Word for word, reproduce all entries below, leaving every picture out.

▶ _INFORMATION_:
<<<<

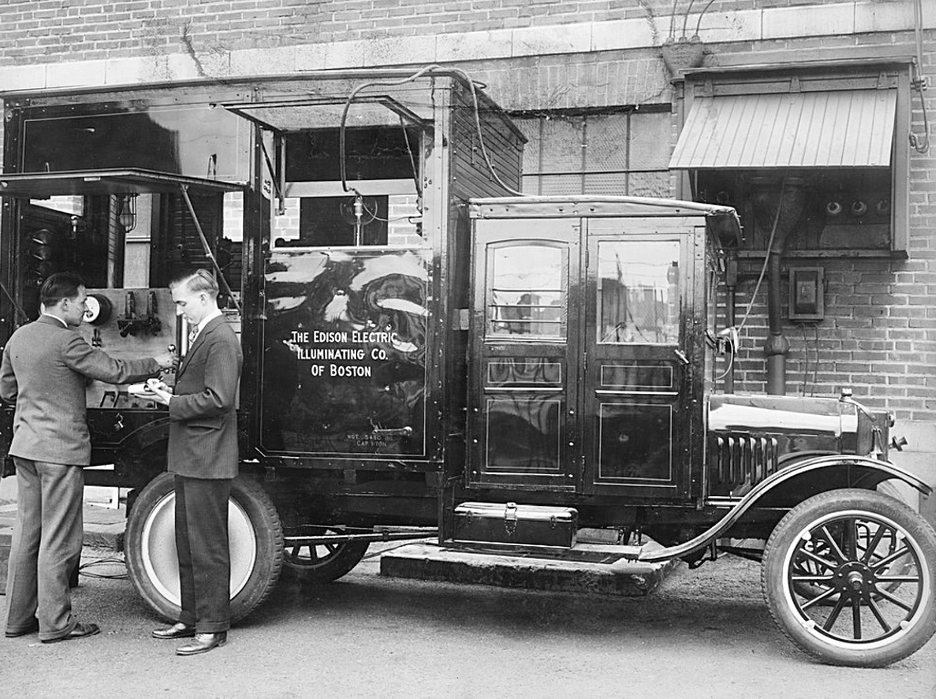 The Edison Electric truck has a telephone hanging from the radiator!
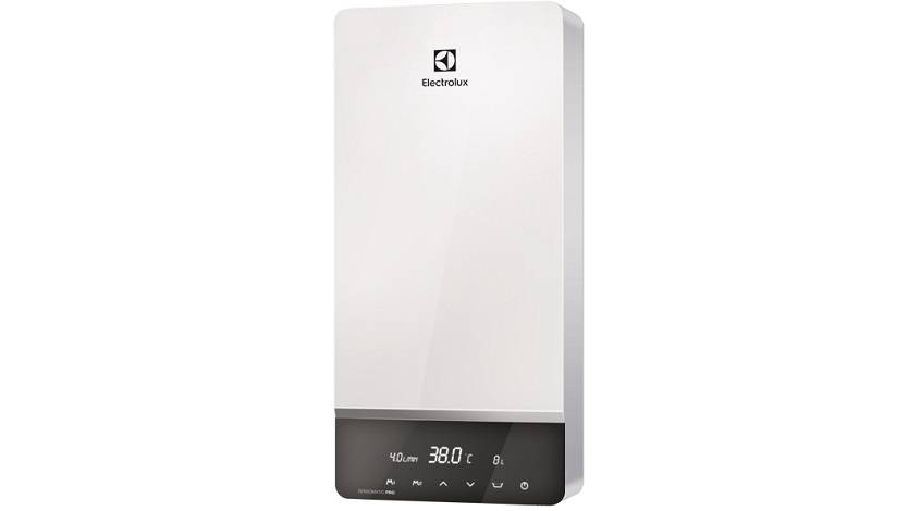 Небольшая горизонтальная модель (191x141x95 мм) с верхним подключением. Предназначена для закрепления на стене. Нагрев происходит спиральным элементом. Производительность 2,8 л/мин. Мощность 6 кВт. Можно подключать к нескольким смесителям (напорный). О включении прибора и о выполнении нагрева сообщает световой индикатор. Оснащен термометром и дисплеем. Управляется электронным способом. При достижении заданных параметров, отключается. Выключается при перегреве и при включении без воды. Выдерживает до 7 атм. Цена: 7600 рублей.
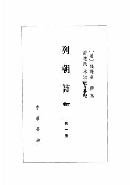 《列朝诗集》编定于明清之际,选录明代278年间的诗作,共81卷,入选诗人1600余家。全书总分为甲、乙、丙、丁4集,另外,帝王的诗置于卷首为“干集”,僧道、妇女、宗室和域外诗列于卷末为“闰集”,元末明初的诗则编在干集后为“甲集前编”。
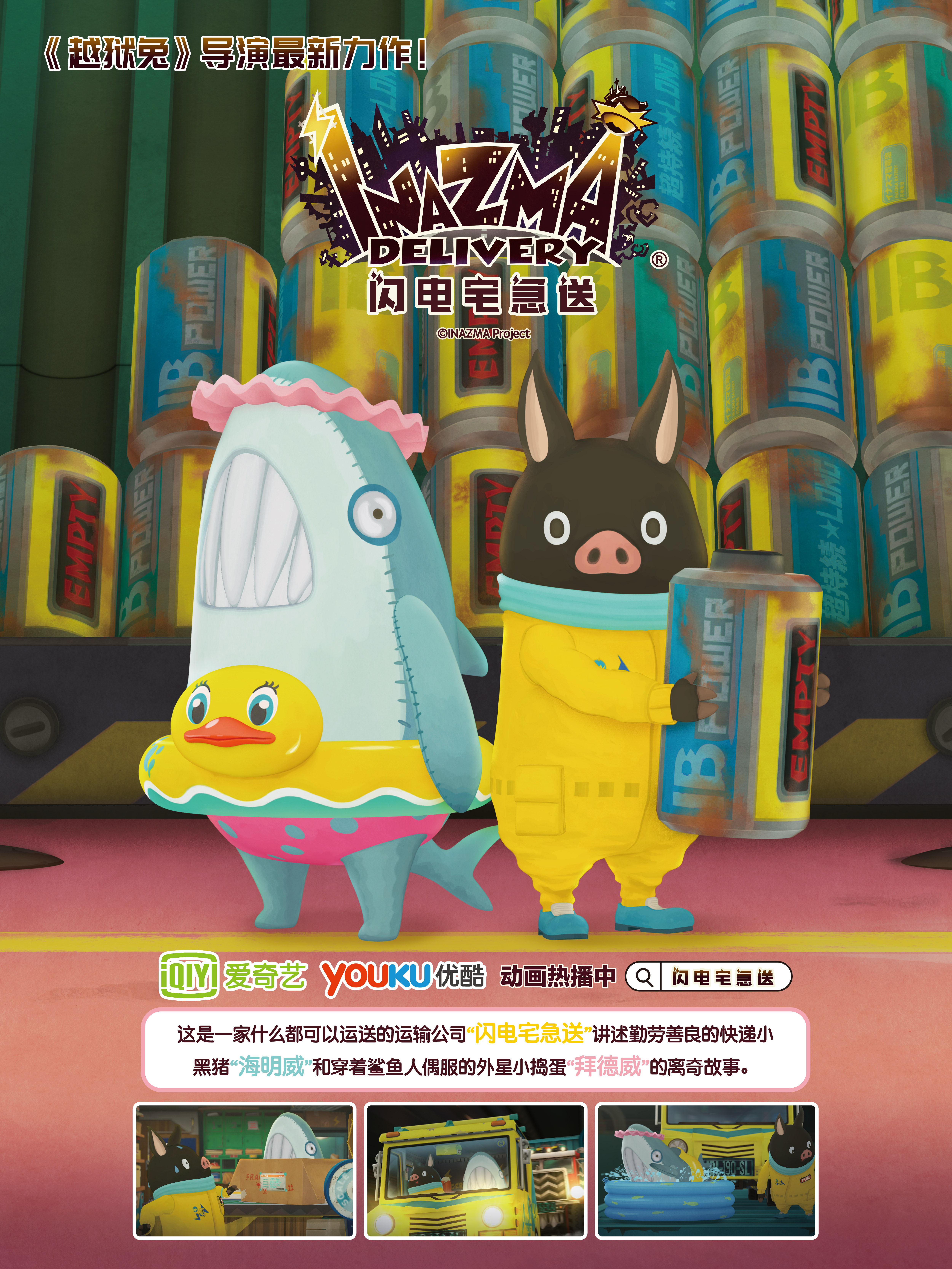 动画讲述了在全世界被排外的人所聚集的城市——巴比电市中有一家无论什么都能运送的运输公司“闪电宅急送”。某天,善良温和勤劳认真的好青年小黑猪“海明威”,遇上从快递箱中一跃而出,穿着鲨鱼人偶服的小捣蛋外星人“拜德威”,从此他们的魔性有爱的故事就此展开~动画于爱奇艺&优酷好评放送中~欢迎补番!
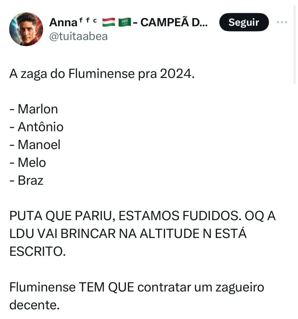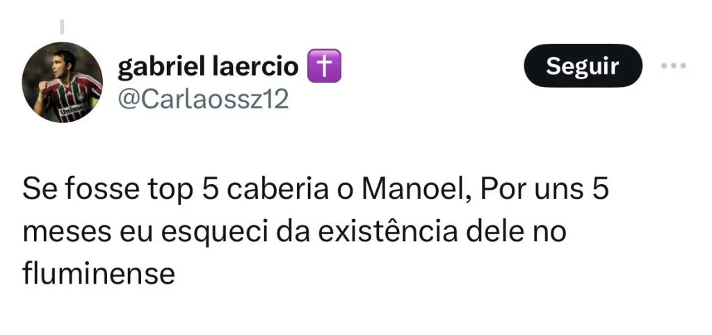 Manoel não está inscrito entre os 23 atletas selecionados para a disputa do Mundial de Clubes, na Arábia Saudita. Por isso, o defensor seguirá hm cronograma e fará um trabalho a parte com os médicos do Fluzão.
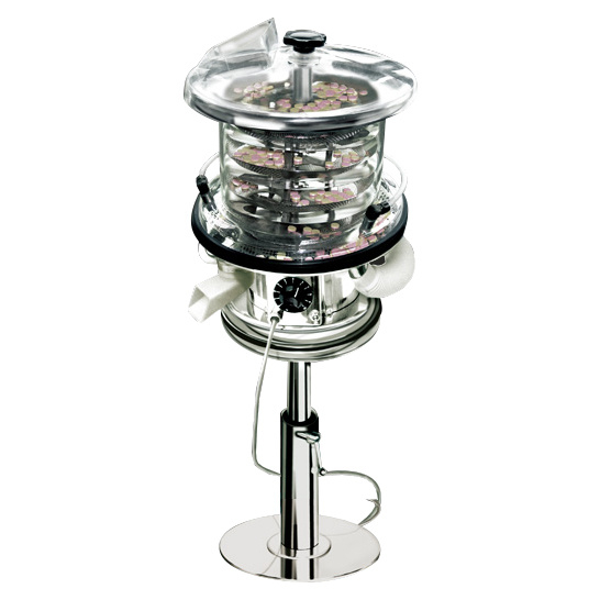3. В процессе таблетки полируются. Когда таблетки перемещаются на самый нижний диск, сжатый воздух сдувает пыль, которая всасывается пылесборником D.
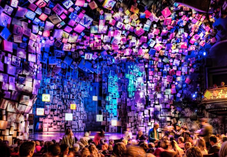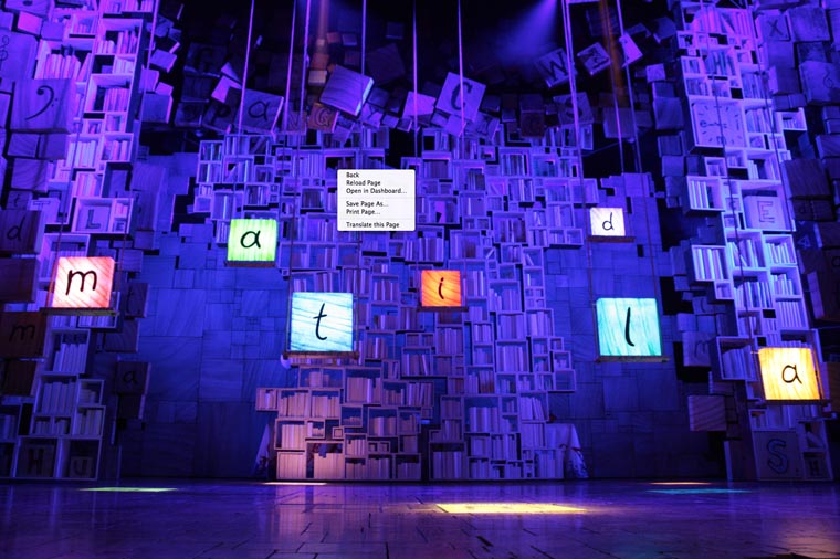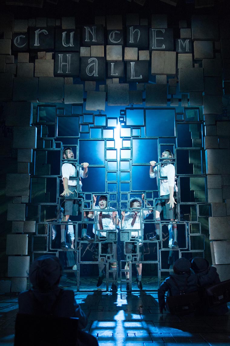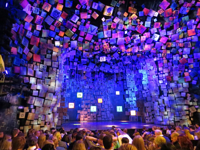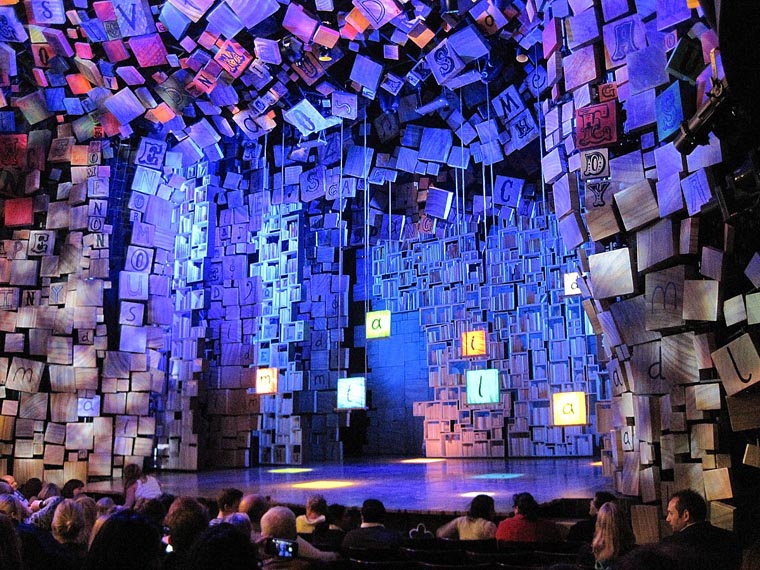 他主要讲的是小小的玛蒂尔达在五岁时就把大多数经典作家的作品读完了,不幸的是这个聪明绝顶的小姑娘却遇到了世界上最庸俗势利的爸爸妈妈和最恶毒的校长。但她自有对付这一切的办法,在和恶毒的特朗奇布尔校长斗争的过程中,玛蒂尔达和善良的亨尼小姐结下了深厚的友谊。我在已经有了很高的期待值的基础上,走进了剧场,结果是他的精彩程度还是远远超出了我的想象。首先是一走进剧场就映入眼帘的舞台,镜框和副舞台满满的被大大小小不同的木块包围了起来,在视觉上让人一下子就记住了立方体这个视觉元素,这个元素也是这出音乐剧舞台设计的视觉重点,在之后的布景里也在反复出现。随后,舞台上好像有无数个机关随着剧情的推动在等待着被观众和演员发掘,比如说小主人公会突然在舞台地板上不同的地方打开一扇小门,拿出自己收藏品,每一个小门散发出得光芒都是不同的,像极了童话里的场景。甚至为了营造紧张感,舞台镜框里竟然隐藏了几十盏激光灯,在校长女士搜捕的时候,这些激光等在观众席四处散射,让整个剧场仿佛置身于动作片中。而这个这正是我十分佩服百老汇音乐剧的一点,他们在演出之前会做好完全的准备,甚至会把剧场、舞台还有后台等等空间改造成最适合这出戏的演出的设置,也许,为了演出的一个小小的视觉效果,他们背后所付出的人力、物力还有财力都是巨大的,但也因此保证了演出的完美效果,《Matilda》也是如此。
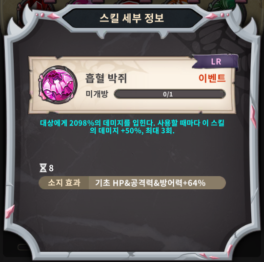 마지막으로 뽑기에서 뽑을 수 있는 스킬들인데요~
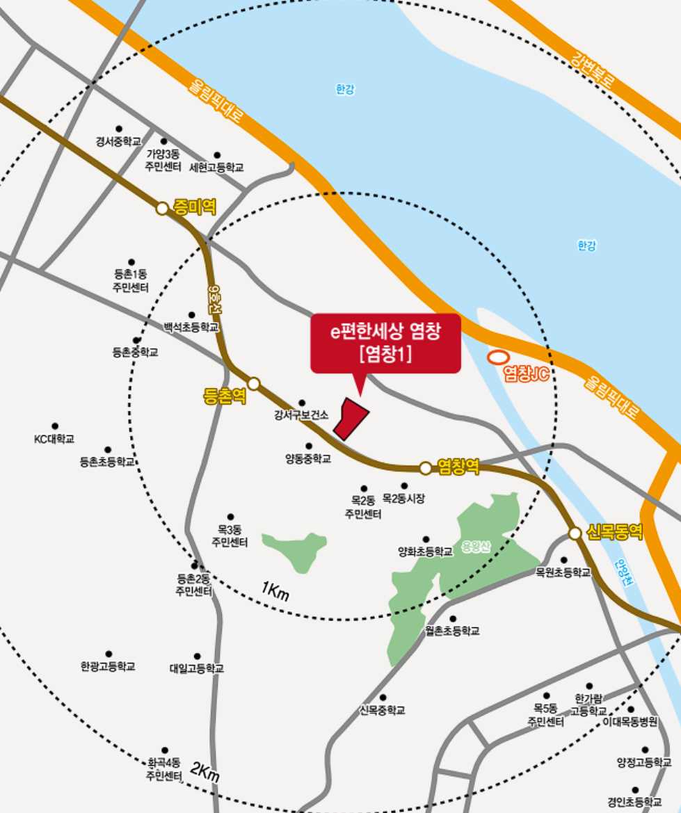 e편한세상염창는 편의점 마트, 병원, 대학교, 공원, 카페 등 다양한 편의시설이 고루 갖춰진 지역에 위치하고 있습니다.
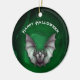 This hanging ceramic ornament has a spooky grey bat with wings spread in flight in front of a haunted glowing green cave. Customise the Happy Halloween text with the template.
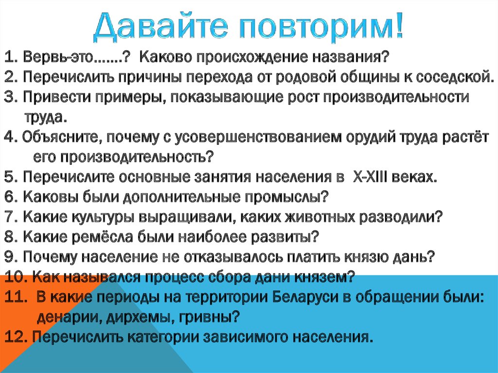 1. Вервь-это…….? Каково происхождение названия?2. Перечислить причины перехода от родовой общины к соседской.
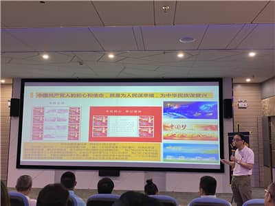 中国集邮总公司特约讲师、深圳市集邮协会宣讲师黄立新应邀作《可爱的中国——邮票上的党史》主题讲座。讲座以“红色题材邮票”为载体,用“百年征途波澜壮阔”、“雄关漫道真如铁” 、“社会主义建设——人生正道是沧桑”、“改革开放——长破浪会有时”四个篇章,生动、直观、系统地讲述了中国共产党开天辟地、改天换地、翻天覆地、惊天动地的发展历程,讲述了中国共产党带领全国人民从苦难走向辉煌、从贫穷走向富强的光辉历程,讲述了革命先驱舍生取义的历史故事以及其所展现的革命精神和气节。
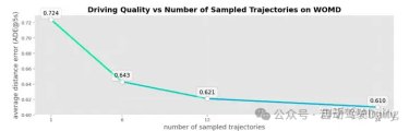 可以看见在wod数据集上还是轨迹越多越好,但边际效益递减,即增加候选轨迹数量的优势在某个点之后会减弱。
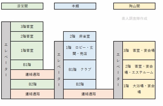 さくらや旅館の建物は地下通路でつながった地下2階・地上3階建ての漆宝閣、地下2階・地上2階建ての本館、地上3階建ての陶山閣という3つの建物があります。
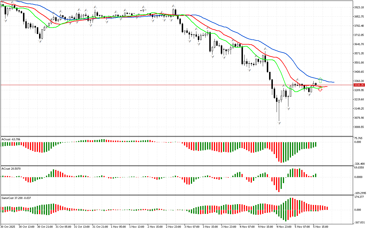 Ang kulay ng histograms ng Gator indicator ay nagbabago, kaya ang indicator na ito ay hindi pa nakakabuo ng malinaw na signal.
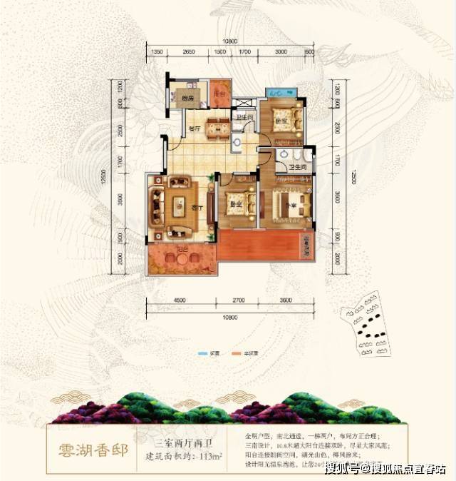 雲湖香邸:面积113.77㎡,赠送12㎡,分布在6#7#8#9#10#11#12#楼,为三室两厅两卫,每种户型明厨明卫,方正、紧凑,布局合理。阳台上设置温泉泡池。精装修交房,3500/㎡装修标准,业主只需购买部分家电家具即可入住。
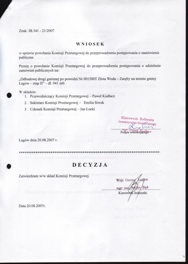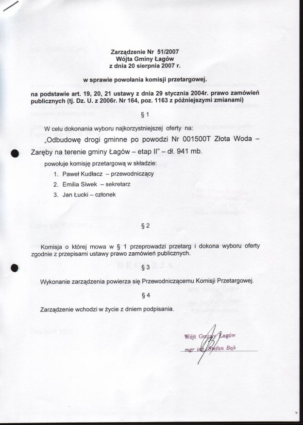 | Zarządzenie nr 51/08 Wójta Gminy Łagów z dn. 20 sierpnia 2007 r. w sprawie powołania komisji przetargowej. | 2008-08-25 |

>>>>

▶ _RESULT OF THE TASK_:
 The Edison Electric truck has a telephone hanging from the radiator!
 Небольшая горизонтальная модель (191x141x95 мм) с верхним подключением. Предназначена для закрепления на стене. Нагрев происходит спиральным элементом. Производительность 2,8 л/мин. Мощность 6 кВт. Можно подключать к нескольким смесителям (напорный). О включении прибора и о выполнении нагрева сообщает световой индикатор. Оснащен термометром и дисплеем. Управляется электронным способом. При достижении заданных параметров, отключается. Выключается при перегреве и при включении без воды. Выдерживает до 7 атм. Цена: 7600 рублей.
 《列朝诗集》编定于明清之际,选录明代278年间的诗作,共81卷,入选诗人1600余家。全书总分为甲、乙、丙、丁4集,另外,帝王的诗置于卷首为“干集”,僧道、妇女、宗室和域外诗列于卷末为“闰集”,元末明初的诗则编在干集后为“甲集前编”。
 动画讲述了在全世界被排外的人所聚集的城市——巴比电市中有一家无论什么都能运送的运输公司“闪电宅急送”。某天,善良温和勤劳认真的好青年小黑猪“海明威”,遇上从快递箱中一跃而出,穿着鲨鱼人偶服的小捣蛋外星人“拜德威”,从此他们的魔性有爱的故事就此展开~动画于爱奇艺&优酷好评放送中~欢迎补番!
 Manoel não está inscrito entre os 23 atletas selecionados para a disputa do Mundial de Clubes, na Arábia Saudita. Por isso, o defensor seguirá hm cronograma e fará um trabalho a parte com os médicos do Fluzão.
3. В процессе таблетки полируются. Когда таблетки перемещаются на самый нижний диск, сжатый воздух сдувает пыль, которая всасывается пылесборником D.
 他主要讲的是小小的玛蒂尔达在五岁时就把大多数经典作家的作品读完了,不幸的是这个聪明绝顶的小姑娘却遇到了世界上最庸俗势利的爸爸妈妈和最恶毒的校长。但她自有对付这一切的办法,在和恶毒的特朗奇布尔校长斗争的过程中,玛蒂尔达和善良的亨尼小姐结下了深厚的友谊。我在已经有了很高的期待值的基础上,走进了剧场,结果是他的精彩程度还是远远超出了我的想象。首先是一走进剧场就映入眼帘的舞台,镜框和副舞台满满的被大大小小不同的木块包围了起来,在视觉上让人一下子就记住了立方体这个视觉元素,这个元素也是这出音乐剧舞台设计的视觉重点,在之后的布景里也在反复出现。随后,舞台上好像有无数个机关随着剧情的推动在等待着被观众和演员发掘,比如说小主人公会突然在舞台地板上不同的地方打开一扇小门,拿出自己收藏品,每一个小门散发出得光芒都是不同的,像极了童话里的场景。甚至为了营造紧张感,舞台镜框里竟然隐藏了几十盏激光灯,在校长女士搜捕的时候,这些激光等在观众席四处散射,让整个剧场仿佛置身于动作片中。而这个这正是我十分佩服百老汇音乐剧的一点,他们在演出之前会做好完全的准备,甚至会把剧场、舞台还有后台等等空间改造成最适合这出戏的演出的设置,也许,为了演出的一个小小的视觉效果,他们背后所付出的人力、物力还有财力都是巨大的,但也因此保证了演出的完美效果,《Matilda》也是如此。
 마지막으로 뽑기에서 뽑을 수 있는 스킬들인데요~
 e편한세상염창는 편의점 마트, 병원, 대학교, 공원, 카페 등 다양한 편의시설이 고루 갖춰진 지역에 위치하고 있습니다.
 This hanging ceramic ornament has a spooky grey bat with wings spread in flight in front of a haunted glowing green cave. Customise the Happy Halloween text with the template.
 1. Вервь-это…….? Каково происхождение названия?2. Перечислить причины перехода от родовой общины к соседской.
 中国集邮总公司特约讲师、深圳市集邮协会宣讲师黄立新应邀作《可爱的中国——邮票上的党史》主题讲座。讲座以“红色题材邮票”为载体,用“百年征途波澜壮阔”、“雄关漫道真如铁” 、“社会主义建设——人生正道是沧桑”、“改革开放——长破浪会有时”四个篇章,生动、直观、系统地讲述了中国共产党开天辟地、改天换地、翻天覆地、惊天动地的发展历程,讲述了中国共产党带领全国人民从苦难走向辉煌、从贫穷走向富强的光辉历程,讲述了革命先驱舍生取义的历史故事以及其所展现的革命精神和气节。
 可以看见在wod数据集上还是轨迹越多越好,但边际效益递减,即增加候选轨迹数量的优势在某个点之后会减弱。
 さくらや旅館の建物は地下通路でつながった地下2階・地上3階建ての漆宝閣、地下2階・地上2階建ての本館、地上3階建ての陶山閣という3つの建物があります。
 Ang kulay ng histograms ng Gator indicator ay nagbabago, kaya ang indicator na ito ay hindi pa nakakabuo ng malinaw na signal.
 雲湖香邸:面积113.77㎡,赠送12㎡,分布在6#7#8#9#10#11#12#楼,为三室两厅两卫,每种户型明厨明卫,方正、紧凑,布局合理。阳台上设置温泉泡池。精装修交房,3500/㎡装修标准,业主只需购买部分家电家具即可入住。
 | Zarządzenie nr 51/08 Wójta Gminy Łagów z dn. 20 sierpnia 2007 r. w sprawie powołania komisji przetargowej. | 2008-08-25 |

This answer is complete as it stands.